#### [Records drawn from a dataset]

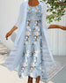 Klänning med 3/4-ärm och blommönster
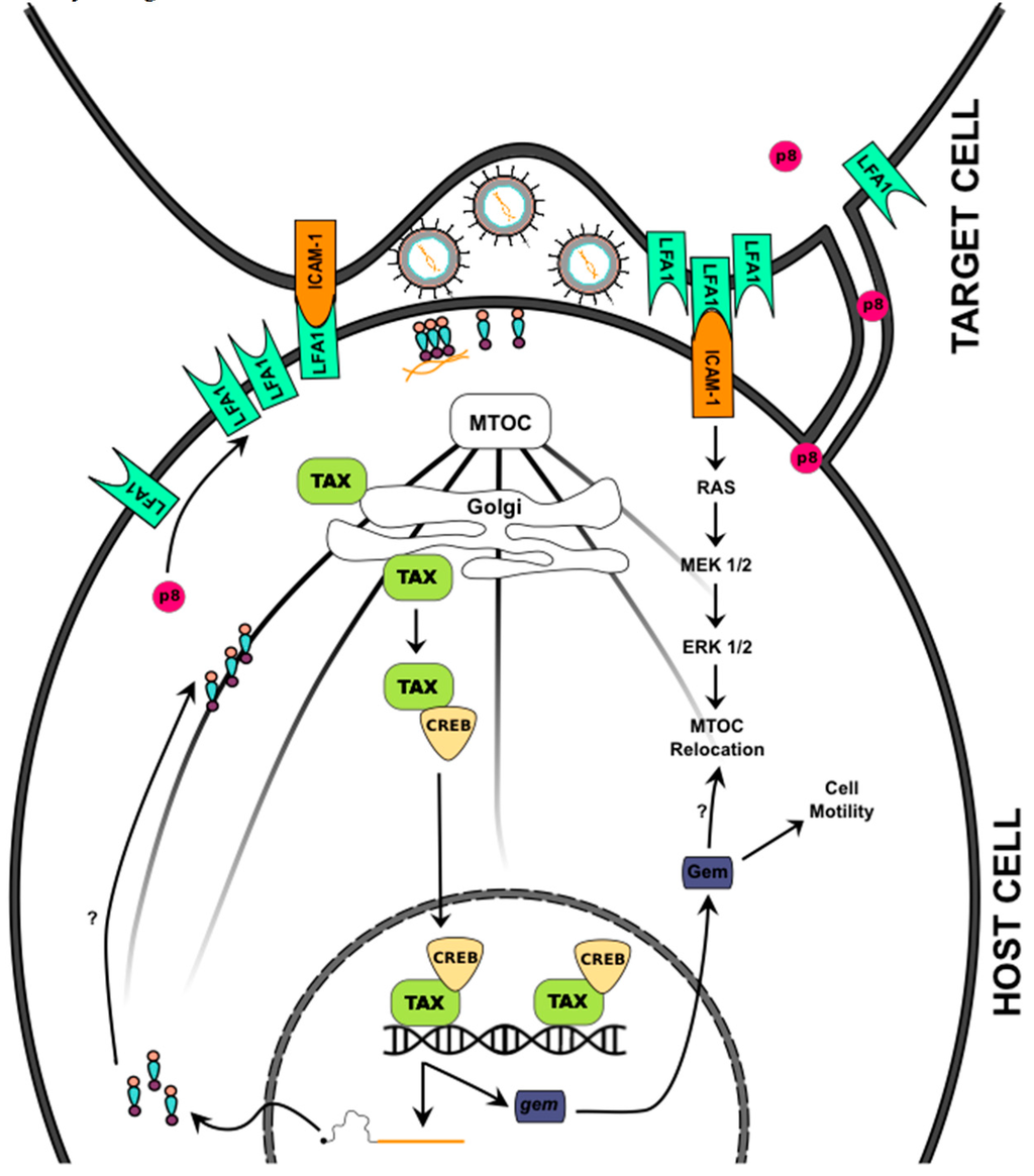 HTLV-1 Cell-to-Cell Transmission. Shown in the diagram is a host cell (bottom) that has anchored itself to a permissive target cell (top) using ICAM-1 and LFA1. The HTLV-1 accessory protein p8 has been shown to increase the expression of the LFA1 receptors as well as increase the number of cell-cell synapses, which p8 then traffics through to increase LFA1 in the target cell. Once ICAM-1 is bound, it triggers a signaling cascade that leads to the relocation of the MTOC. Additionally, HTLV-1 Tax is found bound to Golgi bodies that are attached to the MTOC. This initiates a variety of cell signaling cascades. For example, one established pathway increases expression of Gem, a protein that increases cell motility and possibly MTOC relocation. As HTLV-1 Gag is produced, it is found concentrated at the MTOC. Subsequently, HTLV-1 Gag is found at the sites of cell-cell contacts where the virus particles bud into the viral synapse formed by the cellular adhesion points. Virus particles produced can bind receptors for entry into the permissive target cell. The question marks along the lines with arrows indicate mechanisms of transport or activation that are not well understood.
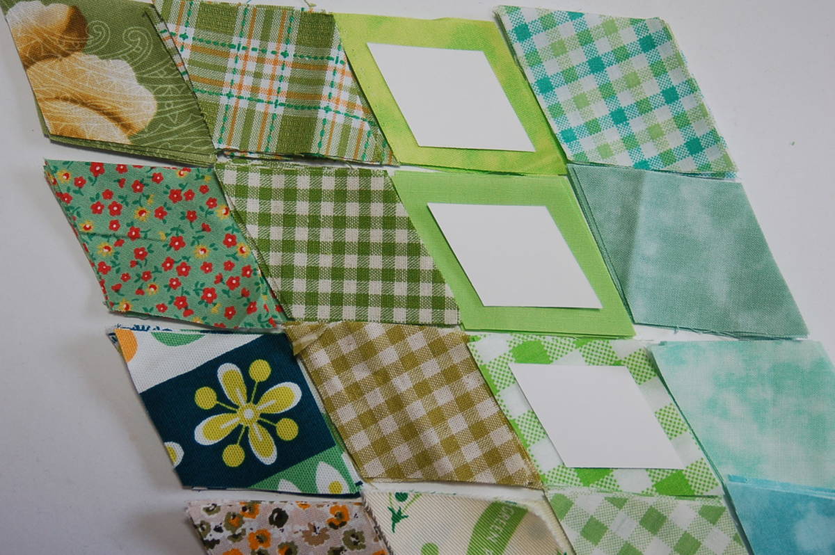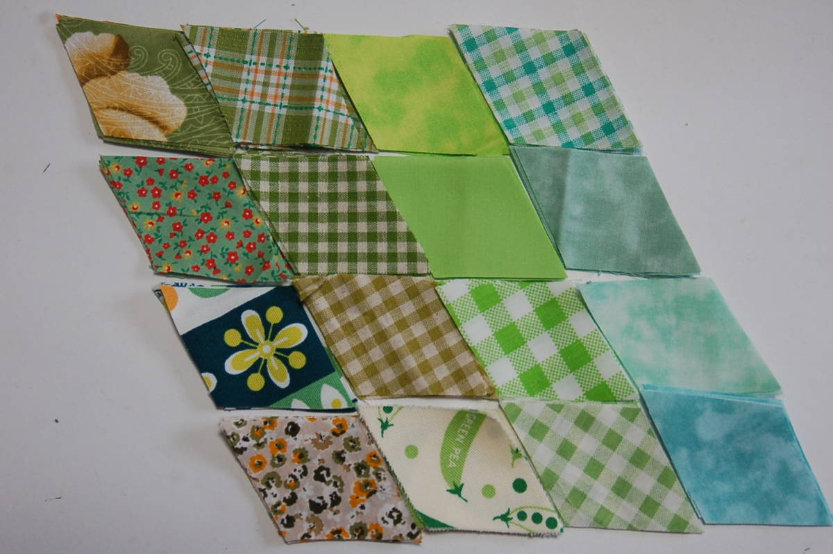 パッチワーク用ひし形出来上がりサイズ35㎜に裁断してます。
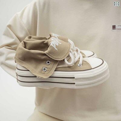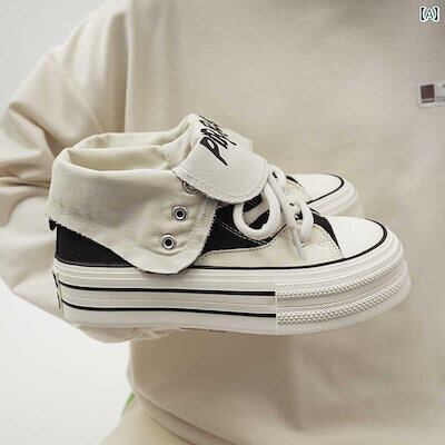 スニーカー レディース キャンバス シューズ 秋 レトロ メイラード プラット フォーム ソール カフ 式 カジュアル ハイ カット 女性用
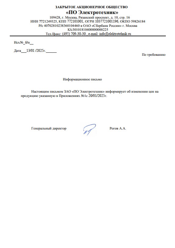 ЗАО «ПО Электротехник» информирует об изменении цен на продукцию указанную в Приложениях №1с 20/01/2025г.
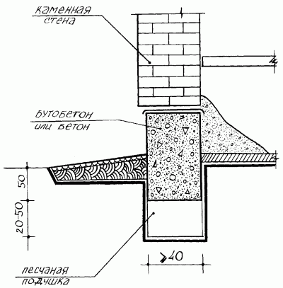 Кирпичный фундамент представляет собой кирпичную кладку из обыкновенного, обожженного кирпича на цементном или же на цементно-песчаном растворе. Толщина кирпичного фундамента зависит от размера используемого кирпича – 38, 51 и 64 см. Кирпичный фундамент в обычном строительстве используется крайне редко из-за дороговизны и недолговечности вследствие недостаточной водостойкости. Кирпичный фундамент, как правило, устраивают только на сухих грунтах и при наличии недорогого кирпича в достаточном количестве. Чаще всего в строительстве применяются бетонные и бутобетонные фундаменты (рис. 24).
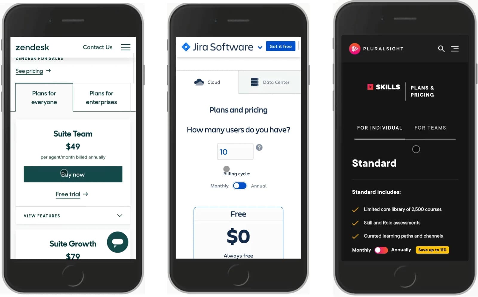 If you need to locate the free plan or the enterprise plan, where would you expect it to be on the pricing page? Indeed, the free plan is likely to be on the left, and the enterprise plan either in a separate tab or on the right. Indeed, in left-to-right interfaces, we intuitively assume that there is a sort of progression from simple basic plans to expensive enterprise plans from left to right.
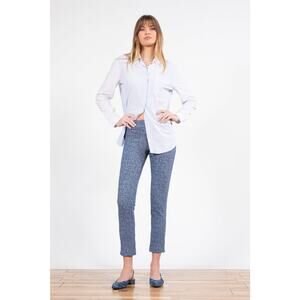 They’re done in a blue and white textured tweed, giving that subtle Chanel-inspired vibe that feels both timeless and easy to wear. The cropped straight leg and pull-on style make them effortless — perfect for work, dinner, or weekends when you still want to look put-together.
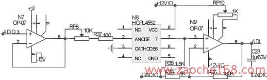 图5中光电隔离器的输入端接入射随器,输出端接一个放大倍数为100的运算放大器,通过调节电位器RP8(也就是调节隔离器的输入端电流)可以使输出电压完全跟踪输入电压的变化。
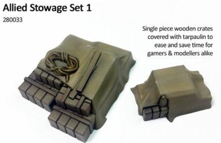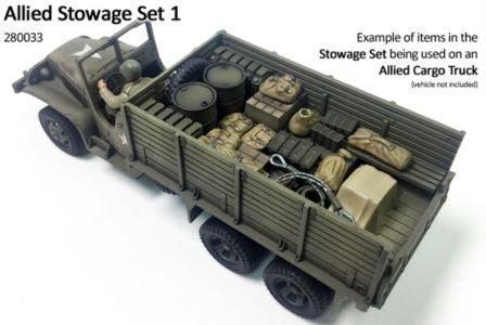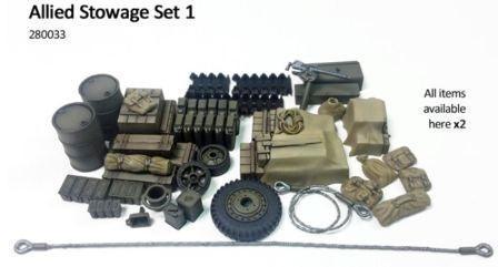 Vehicles in the field acquire all kinds of extra stowage because, let's face it, would you carry your pack when you could stick it on a vehicle? Not to mention spare parts, extra fuel and ammo and tank track sections. This kit allows you to add that lived in and used look to your Allied vehicles. It contains;
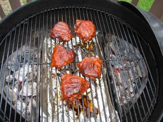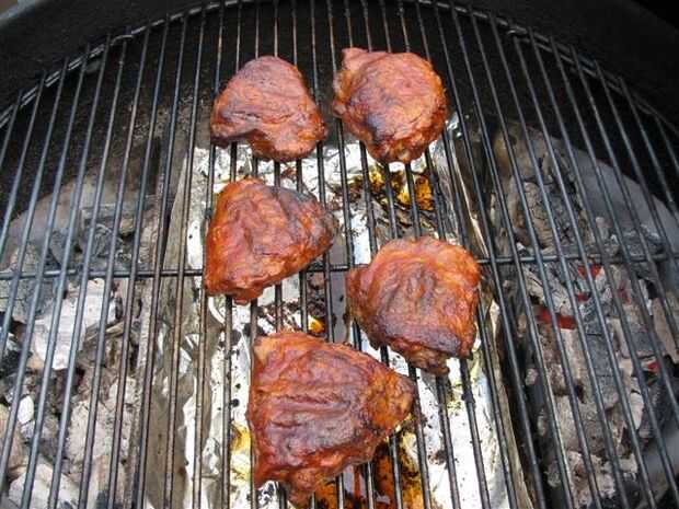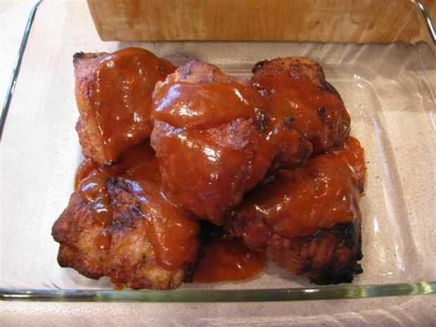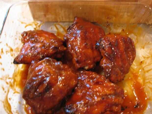 Como apuntan claramente a los jugos del pollo puede colocar los muslos en un recipiente y vierta la salsa sobre ellos. Asegúrese de que cada pieza está bien cubierto y luego coloque el pollo en la parrilla piel hacia por otros 10 minutos.
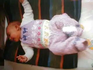 If you want to knit feet, you can make a row of holes, so you can pull a string through. See in the other garments chapter how to knit the feet.
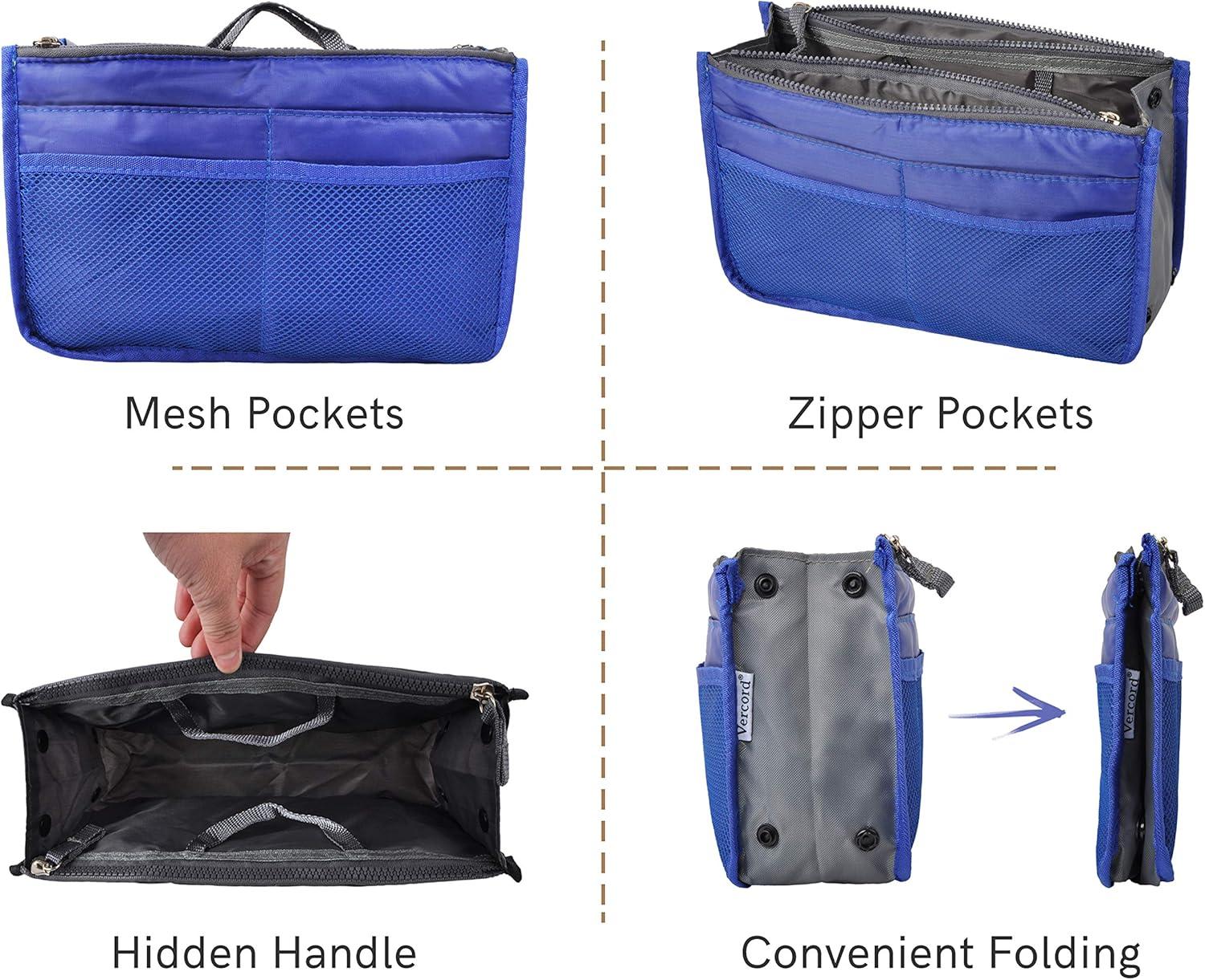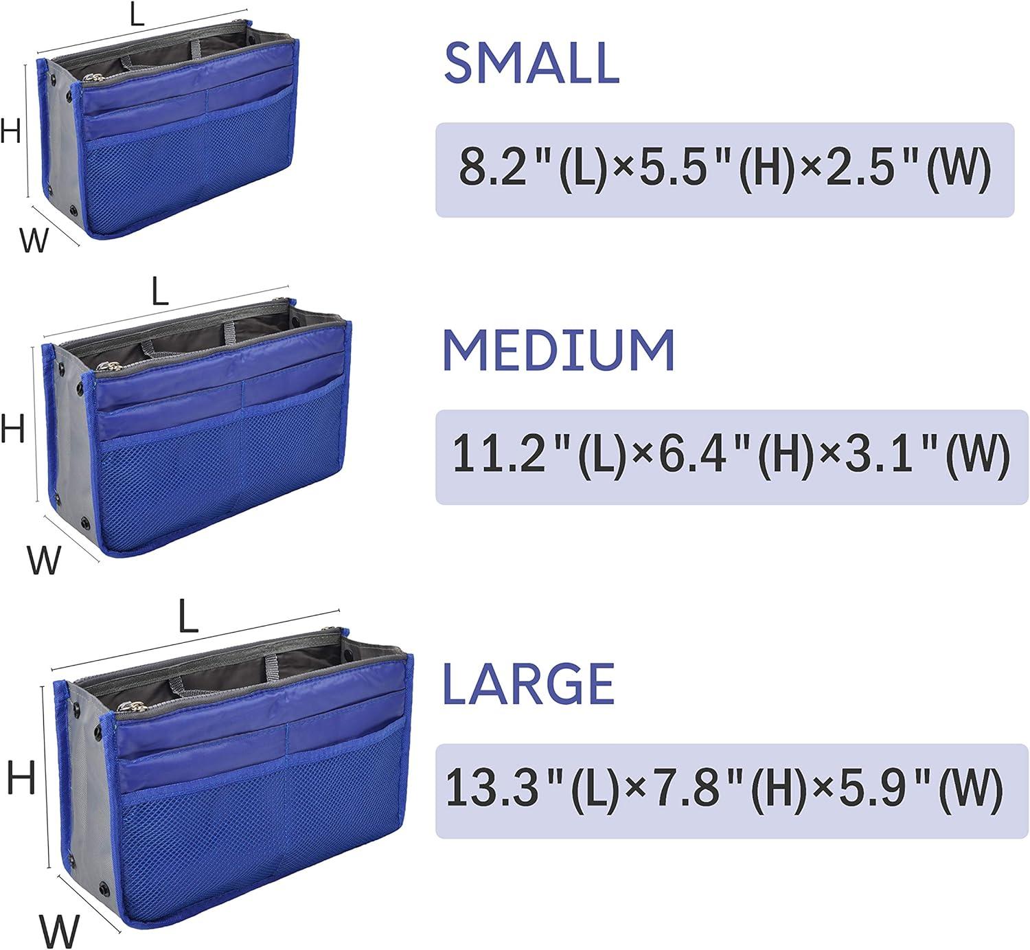 Vercord Purse Organizer Insert for Handbags Bag Organizers Inside Tote Pocketbook Women Nurse Nylon 13 Pockets Black Small(Sapphire Blue)
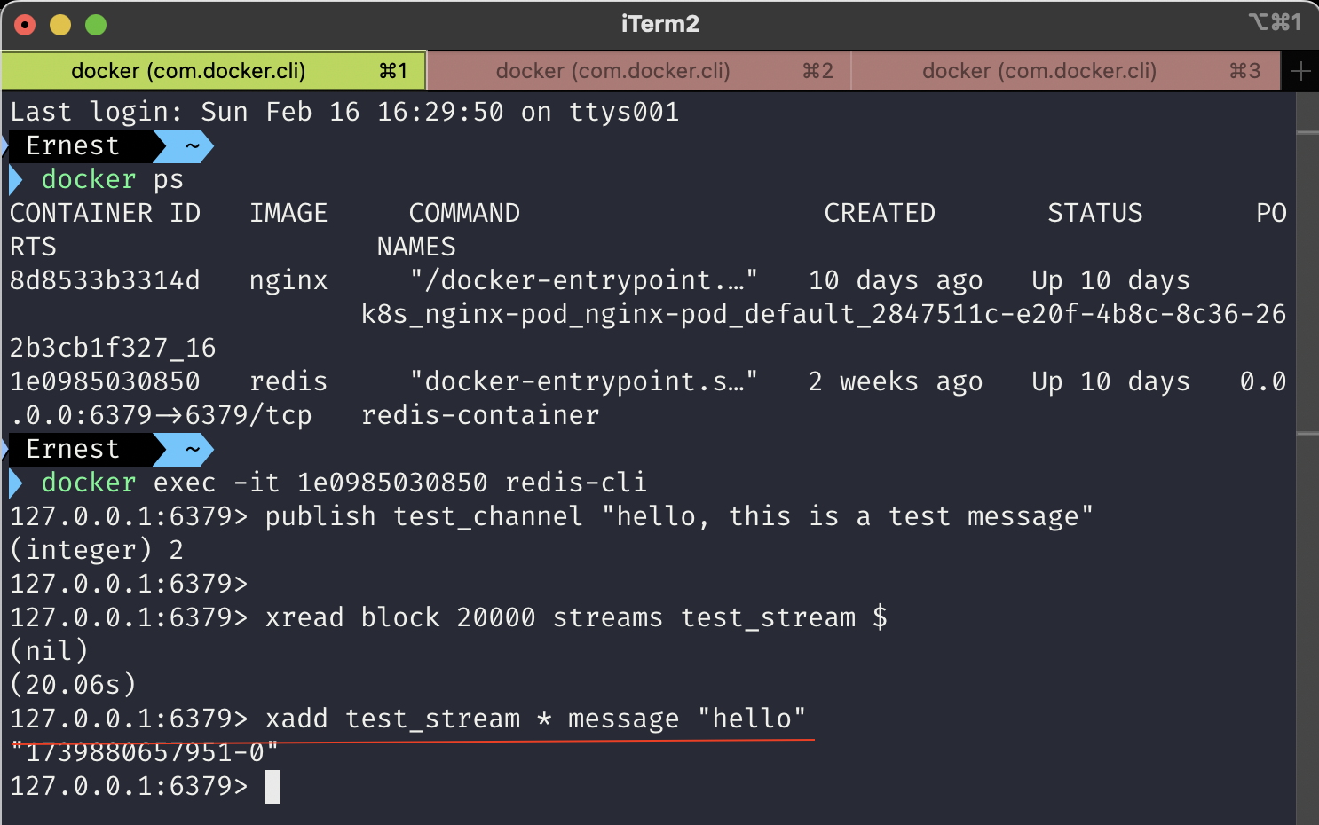 - XADD test_stream * message "Hello, this is a test message"

#### [WHAT THE TASK ASKS]
The lines above from the line with "They’re done in" through the line with "If you want" are to be given again word for word, with no pictures among them.

#### [SOLUTION TO THE EXERCISE]
 They’re done in a blue and white textured tweed, giving that subtle Chanel-inspired vibe that feels both timeless and easy to wear. The cropped straight leg and pull-on style make them effortless — perfect for work, dinner, or weekends when you still want to look put-together.
 图5中光电隔离器的输入端接入射随器,输出端接一个放大倍数为100的运算放大器,通过调节电位器RP8(也就是调节隔离器的输入端电流)可以使输出电压完全跟踪输入电压的变化。
 Vehicles in the field acquire all kinds of extra stowage because, let's face it, would you carry your pack when you could stick it on a vehicle? Not to mention spare parts, extra fuel and ammo and tank track sections. This kit allows you to add that lived in and used look to your Allied vehicles. It contains;
 Como apuntan claramente a los jugos del pollo puede colocar los muslos en un recipiente y vierta la salsa sobre ellos. Asegúrese de que cada pieza está bien cubierto y luego coloque el pollo en la parrilla piel hacia por otros 10 minutos.
 If you want to knit feet, you can make a row of holes, so you can pull a string through. See in the other garments chapter how to knit the feet.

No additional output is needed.